STS Study Group

Karen Barad’s Meeting the Universe Half Way: Quantum Physics and the Entanglement of Matter and Meaning, Luciano Floridi’s The Philosophy of Information, and Bernard Stiegler’s Technics and Time, 1: The Fault of Epimetheus. These three thinkers demarcate approaches to STS, broadly conceived, and present novel ways of thinking about fundamental ontology, epistemology, in addition to arguing for the importance of seeing and confronting the ethical implications that follow from their respective theories. In all three thinkers we see the intertwinement of epistemology, ontology and ethics. For anyone not familiar, I’ve tried to provide a quick glance at these three theorists.

Barad is a theoretical physicist in the area of quantum mechanics. She is also adept in the traditions of post-structuralism, feminism, feminist philosophy of science, epistemology and ontology. Barad’s work builds off of Neils Bohr’s “philosophy-physics” and has implications for how we make sense of the concepts of agency, realism, identity, difference, meaning and materialism just to name a few. Her concept of “intra-action” as the creation of a coherence of forces that give rise to matter and meaning has been influential for a number of theorists. She is also explicitly concerned with the place of ethics in science and philosophy and she argues that ethical life cannot be separated from them.

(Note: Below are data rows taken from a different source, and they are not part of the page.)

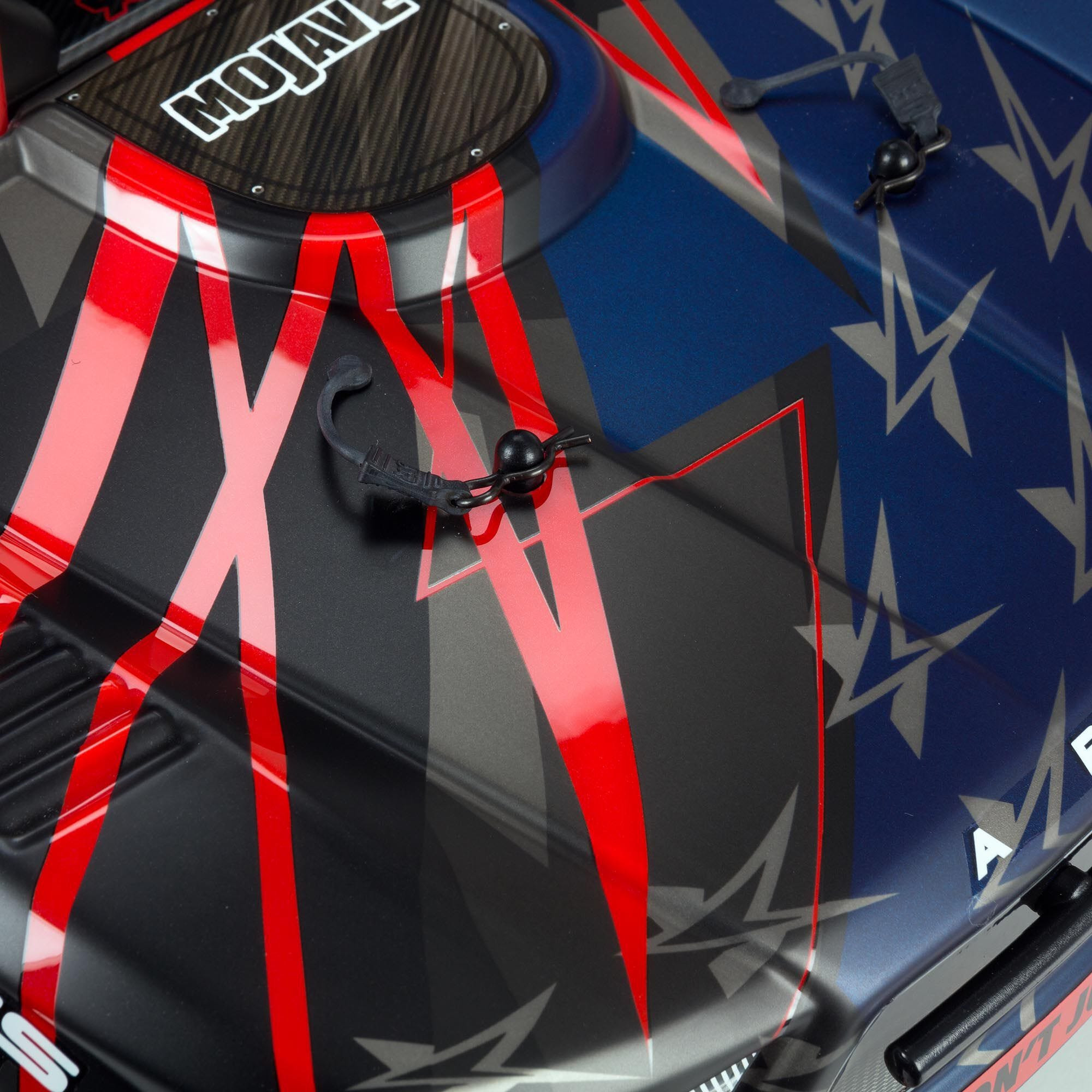 The 1/7 scale ARRMA® MOJAVE™ 6S BLX 4WD Desert Truck RTR is ready for big bashing action on any terrain. Its Spektrum™ SLT3™ 3-channel radio, dual protocol receiver, Smart ESC and more combine to reach new levels of speed, toughness and versatility.
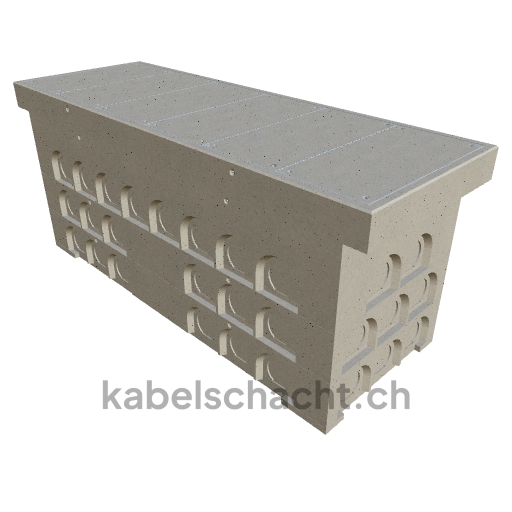 Modular cable duct, clear width 100 x 300 cm, depth 139 cm, TrapeX cover, clear width 100 cm and clear length 300 cm, load class B125 with 6 chrome steel covers and 4 lifting openings, incl. 5 removable chrome steel crossbars.
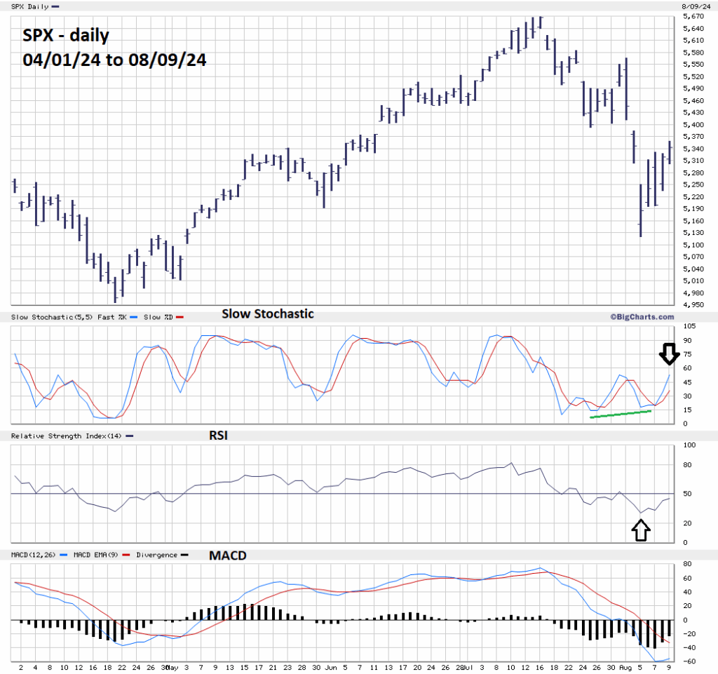 Of course, a top could still be nearby. Please note that the Slow Stochastic reading at the most recent peak made on 08/01/24 were almost at the same level. The difference this time is a more significant Slow Stochastic bullish divergence at the 08/05/24 bottom and the RSI reading of 30.00 – the boundary of its oversold zone.

Floridi is rooted in the analytic philosophies of logics, maths and formal epistemologies. He works primarily from within the computational/information theoretic approaches. Arguably, according to Floridi, we’re experiencing a paradigm shift in philosophy and the sciences, wherein the formal application of the concept of information is revolutionizing not only our epistemic landscape but also the ontological structure of reality, i.e. we are having to reconceptualize not only matter and energy but also fundamental ontological categories like subject and object. He wants to emphasize the importance of philosophy as conceptual generation, and to formalize a system that tracks epistemologically across different registers or shifting granulations of analysis based on the ideas of levels of abstraction and gradients of abstraction.

Stiegler is rooted in the continental traditions of Heideggerian phenomenology and Derridean deconstruction. Through the lenses of french theorists Bertrand Gille, Gilbert Simondon and Andre Leori-Gourhan, all important thinkers in the philosophy of technology, Stiegler is interested in understanding the development of technics (tools and techniques) and in situating technics at the origin of a temporal structure of retention and protention specific to the genesis of the human. In other words, memory and externalized devices that transcend the life of the designer are the repositories that give shape to a future that is not yet and form the background conditions of inhabitants who in their turn anticipate and engineer a projected future.